## AVAILABLE DATA

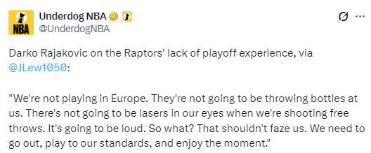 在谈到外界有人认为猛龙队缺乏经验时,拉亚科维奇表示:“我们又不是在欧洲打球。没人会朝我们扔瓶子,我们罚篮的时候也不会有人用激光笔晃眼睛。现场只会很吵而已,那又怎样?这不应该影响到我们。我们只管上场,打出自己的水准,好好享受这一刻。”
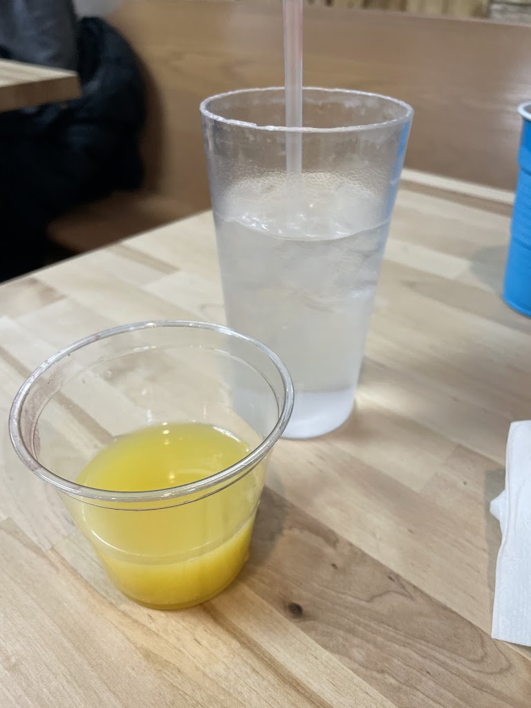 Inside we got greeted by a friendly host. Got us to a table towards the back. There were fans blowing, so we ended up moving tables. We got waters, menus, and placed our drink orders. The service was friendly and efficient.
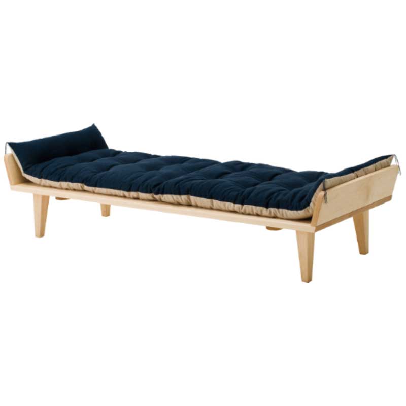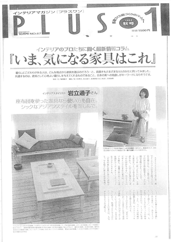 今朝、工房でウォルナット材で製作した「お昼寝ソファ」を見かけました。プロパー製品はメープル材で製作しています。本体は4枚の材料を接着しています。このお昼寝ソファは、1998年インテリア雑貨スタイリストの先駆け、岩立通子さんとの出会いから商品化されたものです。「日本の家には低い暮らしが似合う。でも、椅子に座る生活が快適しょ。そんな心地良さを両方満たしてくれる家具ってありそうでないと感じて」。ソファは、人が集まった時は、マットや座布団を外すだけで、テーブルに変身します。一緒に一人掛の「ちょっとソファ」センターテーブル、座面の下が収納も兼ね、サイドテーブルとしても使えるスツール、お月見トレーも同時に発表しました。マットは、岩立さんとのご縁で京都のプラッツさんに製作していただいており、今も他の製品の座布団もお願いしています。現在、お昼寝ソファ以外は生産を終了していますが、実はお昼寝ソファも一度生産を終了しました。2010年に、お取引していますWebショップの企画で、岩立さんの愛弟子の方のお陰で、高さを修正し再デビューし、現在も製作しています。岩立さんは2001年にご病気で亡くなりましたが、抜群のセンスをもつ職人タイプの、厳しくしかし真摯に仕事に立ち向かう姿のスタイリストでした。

## DIRECTIONS FOR THIS TASK
Pictures stay out. Repeat only the lines from the beginning of the data through the line that has "Inside we got".

## TASK ANSWER
 在谈到外界有人认为猛龙队缺乏经验时,拉亚科维奇表示:“我们又不是在欧洲打球。没人会朝我们扔瓶子,我们罚篮的时候也不会有人用激光笔晃眼睛。现场只会很吵而已,那又怎样?这不应该影响到我们。我们只管上场,打出自己的水准,好好享受这一刻。”
 Inside we got greeted by a friendly host. Got us to a table towards the back. There were fans blowing, so we ended up moving tables. We got waters, menus, and placed our drink orders. The service was friendly and efficient.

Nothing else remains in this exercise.